Now let’s turn our attention to the cost side. A general model of the cost of AI is hard to pin down specifically. For this exercise, we’ll decompose the costs of some AI strategy into three parts:

  1. Data collection and storage, $DC$
  2. Model training, $MT$
  3. Model deployment, $MD$

The total cost is then:

\[C(\mathcal{S_{AI}}) = DC + MT + MD\]

Each part can take on different forms depending on the strategy. At a high level, we’d expect data collection and storage to increase as the amount of data points increases but with decreasing marginal costs. Model training could depend on the number of datapoints, but likely at a lower rate than data collection. Model deployment we might expect to scale linearly with the number of customers we serve. I’m not an expert in how ad services work, so for this exercise lets abstract the original costs as $C(\mathcal{S_0})$.

So when is an AI strategy, $\mathcal{S_{AI}}$ beneficial? From a business perspective, we want the change in profit to be positive:

\[\Delta P = \Delta R - \Delta C > 0\]

or

\[\Delta R > \Delta C\]

Mostly obvious stuff!
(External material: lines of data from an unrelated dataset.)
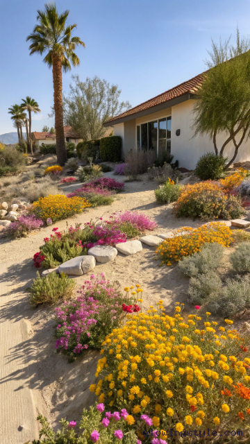 Desert flowers add bright color to the yard. They break the neutral tones. This makes the space lively.
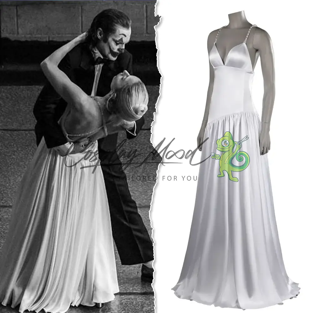 Questo costume cosplay Harley Quinn Quinzel Vestito elegante Joker: Folie à Deux DCU è stato realizzato da costumisti professionisti cercando di ricrearlo nella maniera più simile possibile all’originale e riproduce quello indossato da Harley Quinn nel film The Joker in uscita nel 2024.
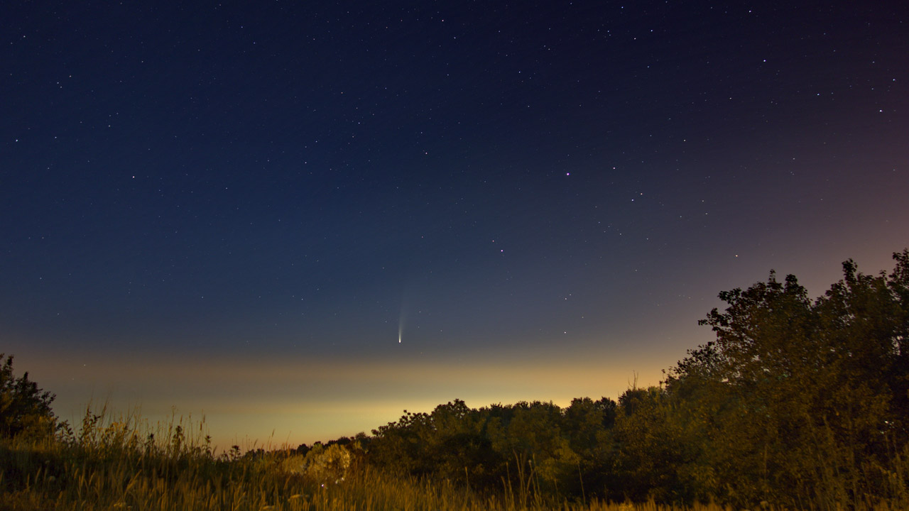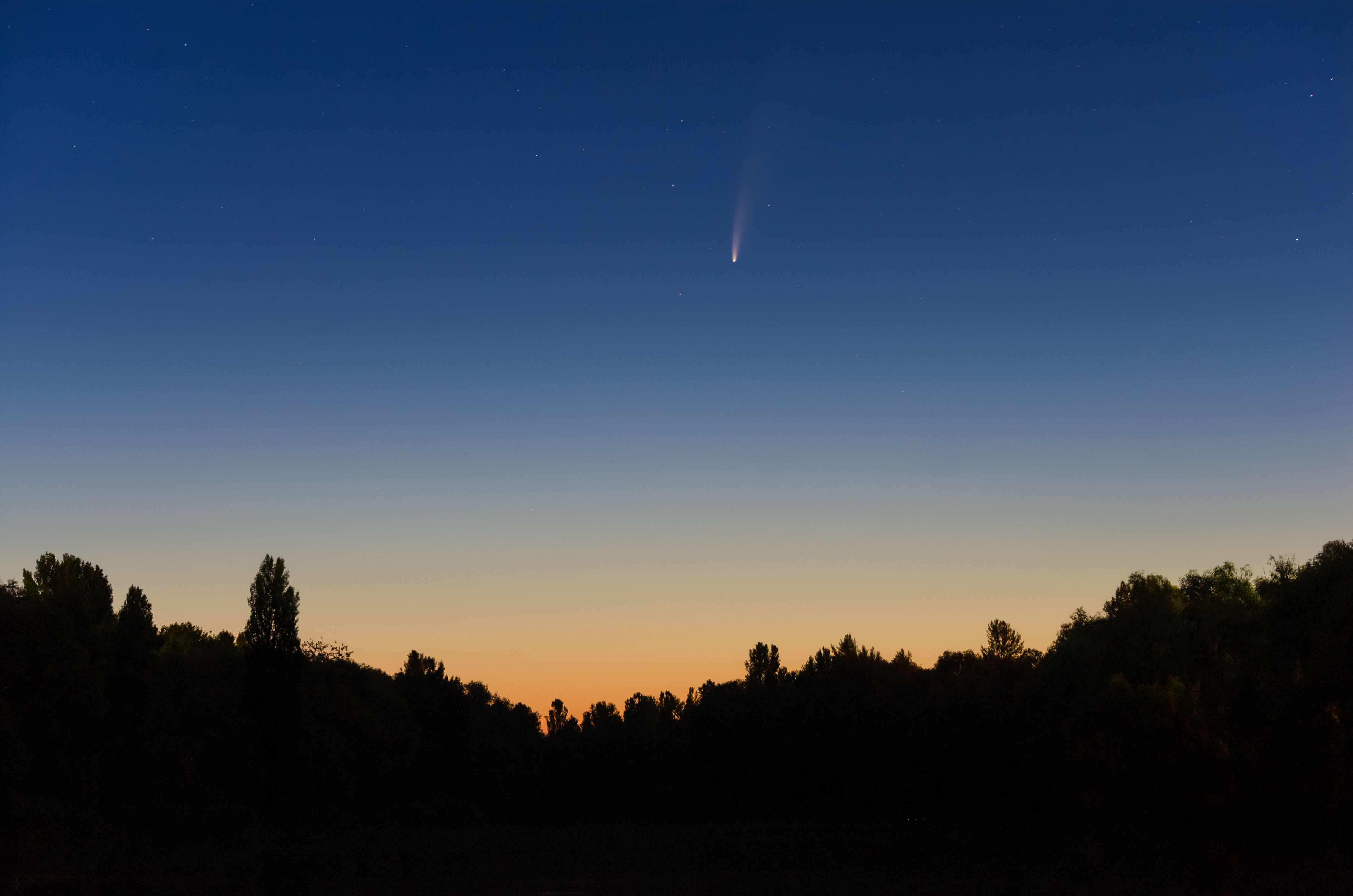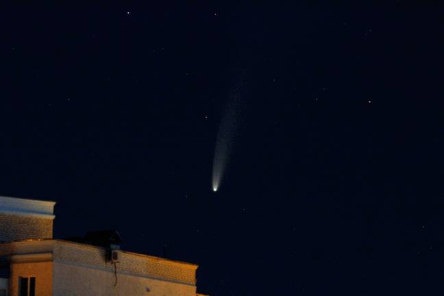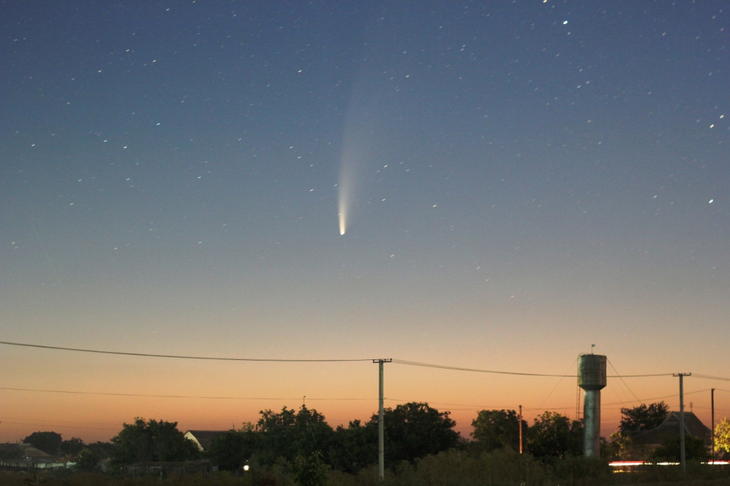 Комета С/2020 F3 NEOWISE. Фото сделано сегодня утром. с.Круглоозерка Херсонская область Украина. Фотоаппарат Canon 60D. Объектив Canon EF 50 mm f/1.8 STM. ISO1000. Диафрагма f/3.2.

Plugging in our terms:

\[\sum_{i = 0}^{N} (p_{i, a(\mathcal{S_{AI}},i)} - p_{i, a(\mathcal{S_0},i)}) q_i > DC(\mathcal{S_{AI}}) + MT(\mathcal{S_{AI}}) + MD(\mathcal{S_{AI}}) - C(\mathcal{S_{0}})\]

We now have a “framework” (s/o consulting interviews) to decide if switching to an “AI strategy” is a good business decision! A business might hire some analysts to project the costs and revenues given some real life models to make these decisions. Going forward, I’ll try some basic functional forms for these terms to get a high-level understanding of which conditions lead to more or less favorable results for our AI strategy.